*YOUR INSTRUCTIONS*
Print all of the data below exactly as it appears, leaving out every image.

*RAW DATA*
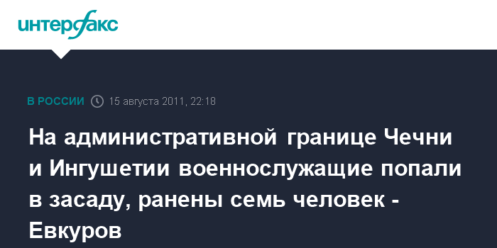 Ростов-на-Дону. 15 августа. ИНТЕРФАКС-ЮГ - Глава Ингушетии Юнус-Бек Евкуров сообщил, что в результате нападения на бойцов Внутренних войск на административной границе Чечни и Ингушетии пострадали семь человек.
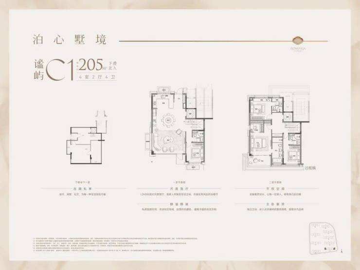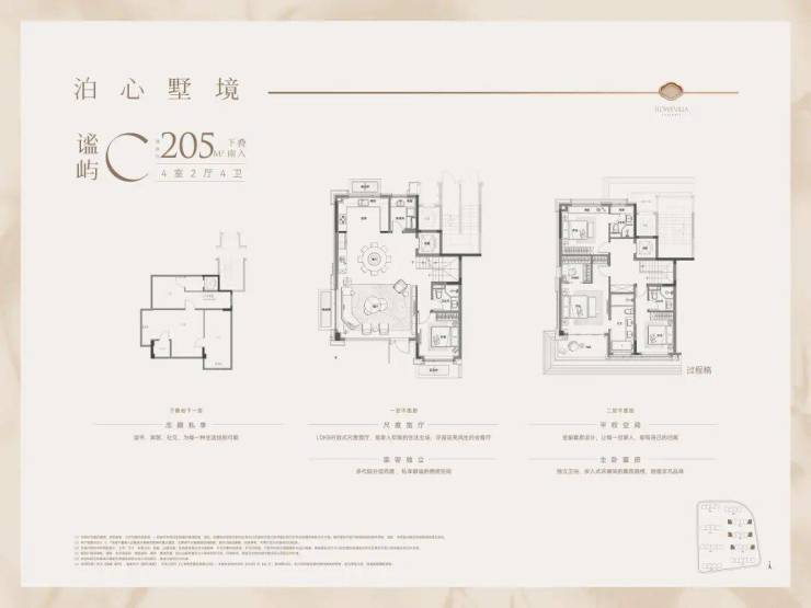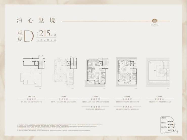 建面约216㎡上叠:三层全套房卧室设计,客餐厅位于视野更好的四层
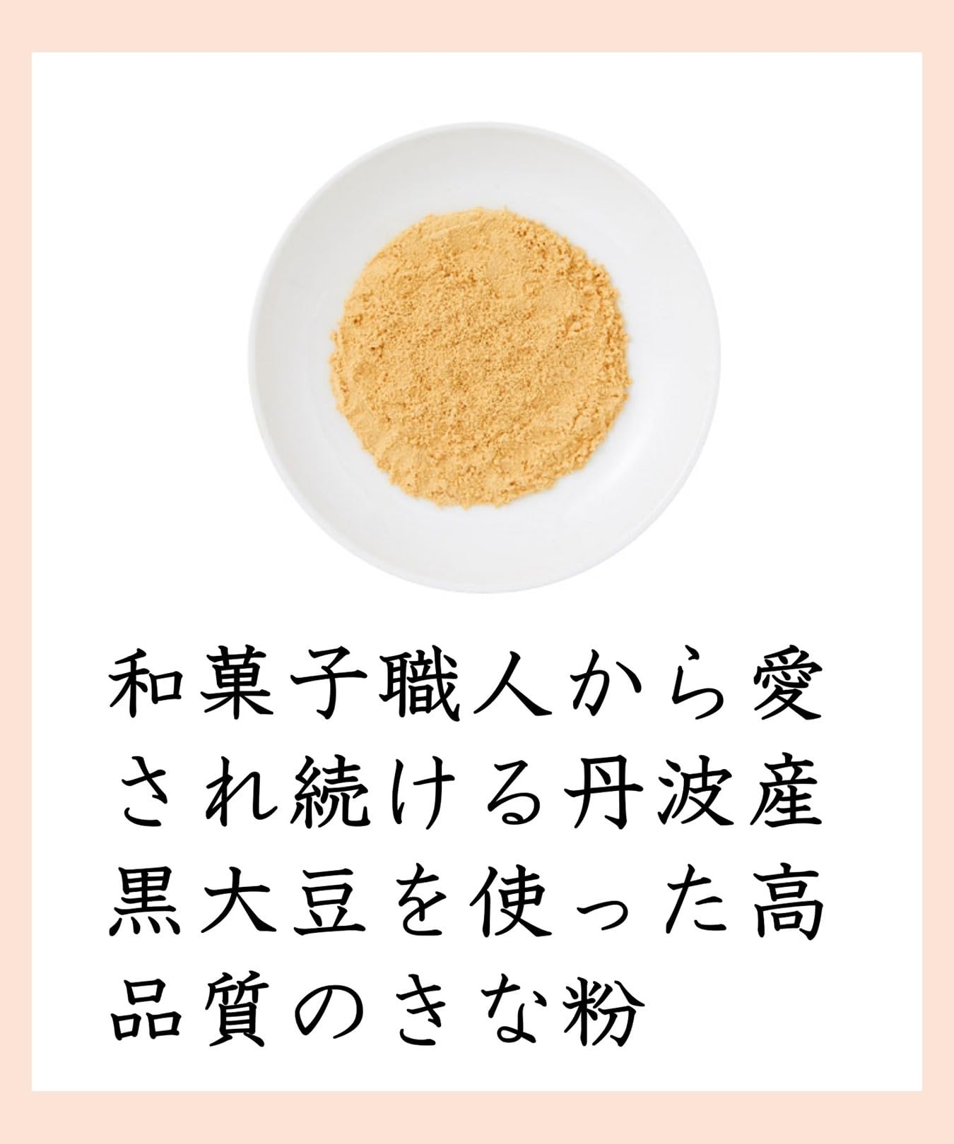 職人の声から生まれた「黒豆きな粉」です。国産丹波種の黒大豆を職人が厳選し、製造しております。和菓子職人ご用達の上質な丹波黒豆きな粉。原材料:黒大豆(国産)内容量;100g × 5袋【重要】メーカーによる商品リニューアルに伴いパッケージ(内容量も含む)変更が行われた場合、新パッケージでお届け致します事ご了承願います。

*WRITTEN SOLUTION*
 Ростов-на-Дону. 15 августа. ИНТЕРФАКС-ЮГ - Глава Ингушетии Юнус-Бек Евкуров сообщил, что в результате нападения на бойцов Внутренних войск на административной границе Чечни и Ингушетии пострадали семь человек.
 建面约216㎡上叠:三层全套房卧室设计,客餐厅位于视野更好的四层
 職人の声から生まれた「黒豆きな粉」です。国産丹波種の黒大豆を職人が厳選し、製造しております。和菓子職人ご用達の上質な丹波黒豆きな粉。原材料:黒大豆(国産)内容量;100g × 5袋【重要】メーカーによる商品リニューアルに伴いパッケージ(内容量も含む)変更が行われた場合、新パッケージでお届け致します事ご了承願います。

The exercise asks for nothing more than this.